Triste anniversaire pour le grand marché d’Adawlato. Trois ans que son bâtiment principal a été ravagé par de gigantesques flammes. On a en mémoire la piètre prestation de nos sapeurs « pom-pom ». Ils étaient arrivés en retard, mais avec des matériels qui frisaient le ridicule. L’eau qui sortait de leurs tuyaux atteignait avec difficulté le bâtiment. On eut dit un nourrisson qui fait pipi avec son zizi tout riquiqui.
L’incendie sera maîtrisé vers la mi-journée grâce à l’aide et à la bravoure de leurs confrères venus d’Aflao.
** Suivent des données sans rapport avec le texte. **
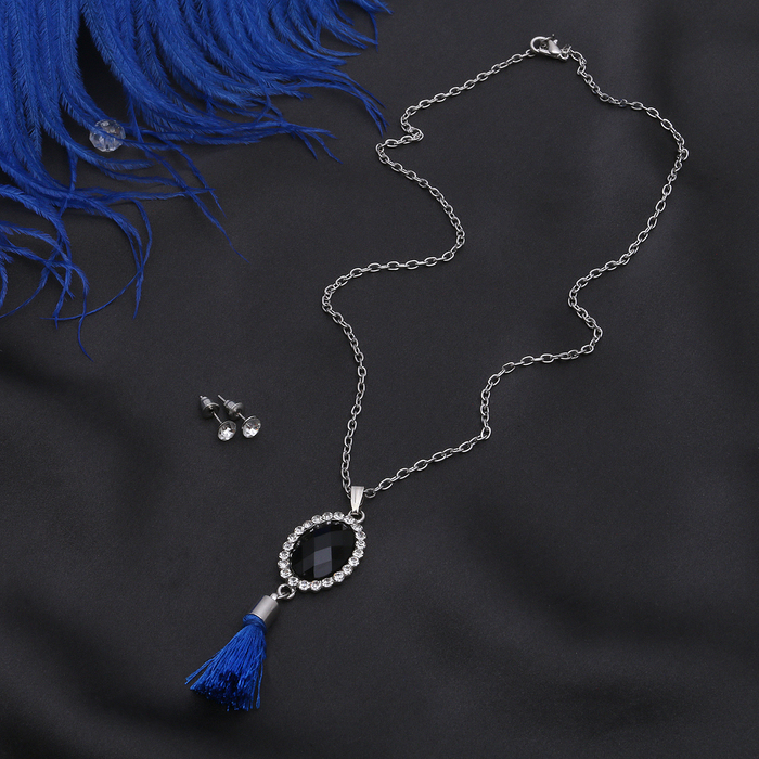 Ни один стиляга не будет выглядеть современно без искусно подобранных украшений, которые завершат его образ! Бижутерия — это современная недорогая альтернатива изделиям из золота и прочих драгоценных металлов. Гарнитур 2 предмета: серьги кулон "Кисть" овал, цвет чёрно-синий в серебре, 50см — это то, что добавит вам шарма!

Ceux-ci, paraît-il, ont été retenus des heures à la frontière avant qu’on ne les laisse passer. Sur la ferme instruction de qui ? Le saura-t-on un jour? Il n’y a eu aucune perte en vies humaines, mais les dégâts matériels sont importants et se chiffrent en milliards de francs CFA.
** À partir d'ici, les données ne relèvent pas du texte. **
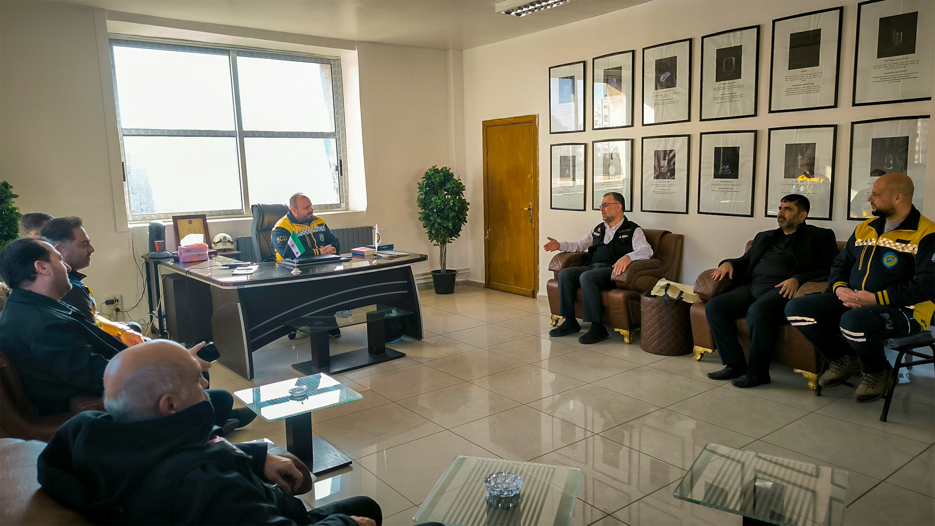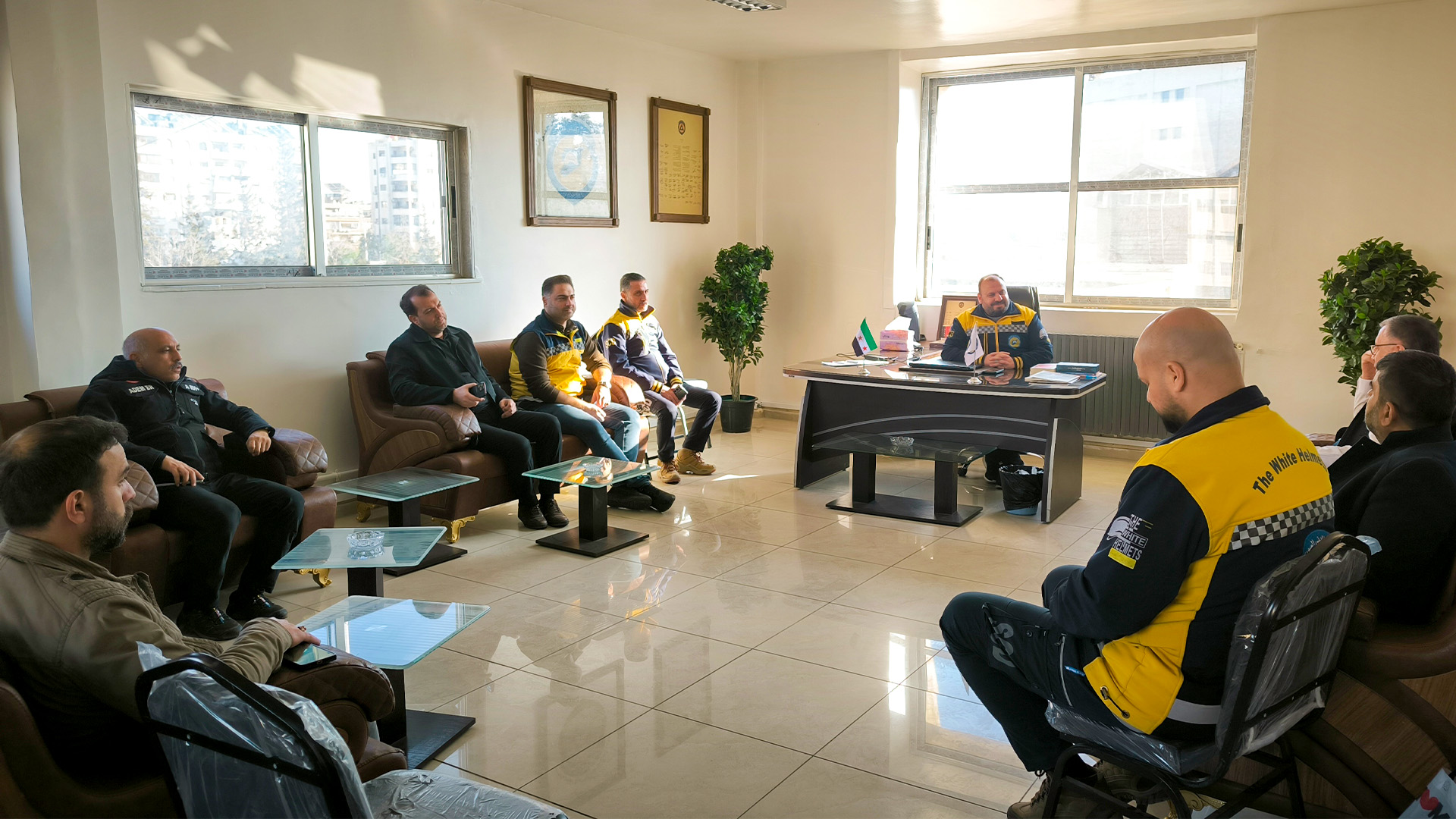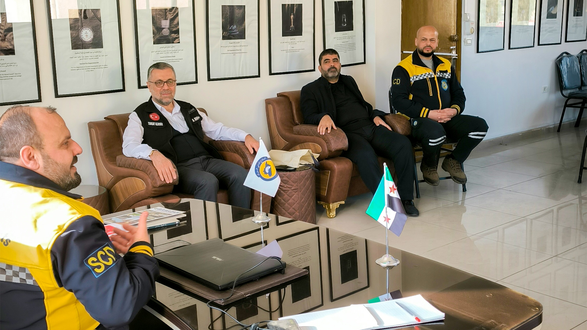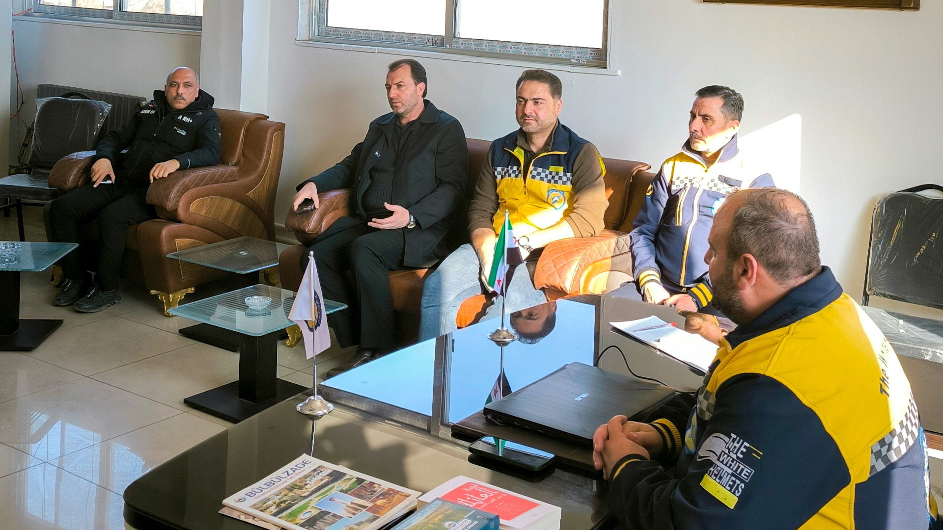 Anadolu Federasyonu Başkanı Turgay Aldemir, Gaziantep Suriye Topluluğu Başkanı Mustafa Hüseyin ve Bülbülzade Vakfı Genel Sekreteri Adem Er, Uluslararası Beyaz Baretliler Derneği'nin Şam ofisini ziyaret etti.

Curieusement, après l’incendie aucune pièce de monnaie n’a été retrouvée dans les cendres. Les billets sont « partis en fumée », mais qu’en est-il des pièces ? Elles ont disparu sans laisser de traces. Cet incendie intervenait après celui de Kara. Mohamed « Limonade », celui qu’on dit être le principal accusé dans l’incendie du grand marché de Lomé, est depuis sous les verrous, mais l’enquête n’avance toujours pas. C’est suite à ses déclarations que certains responsables politiques de l’opposition ont été arrêtés et d’autres inculpés. Aujourd’hui, on ne sait plus sur quelle table ou à quel niveau se trouve le dossier des incendies de Lomé et de Kara. C’est comme s’il n’y avait rien eu.

Beaucoup ont l’impression d’avoir raté un épisode du film, mais non. Les pauvres dames pleurent encore leurs « millignons ». On a organisé un téléthon pour les aider, mais comment l’argent a été géré ? Personne ne sait. Malgré leur cri de détresse, on semble les avoir oubliées. Une à une, elles passent de vie à trépas sans que personne ne s’inquiète de leur sort. On a garé certaines sur le site d’Agbadahonou où elles passent leur temps à se ronger les ongles. L’endroit est tellement calme qu’on n’a pas besoin de tendre les oreilles pour entendre les bruits des moustiques. Le procès des incendies tarde à se faire. Pour l’heure, la misère est le lot quotidien des femmes qui ont tout perdu dans le sinistre.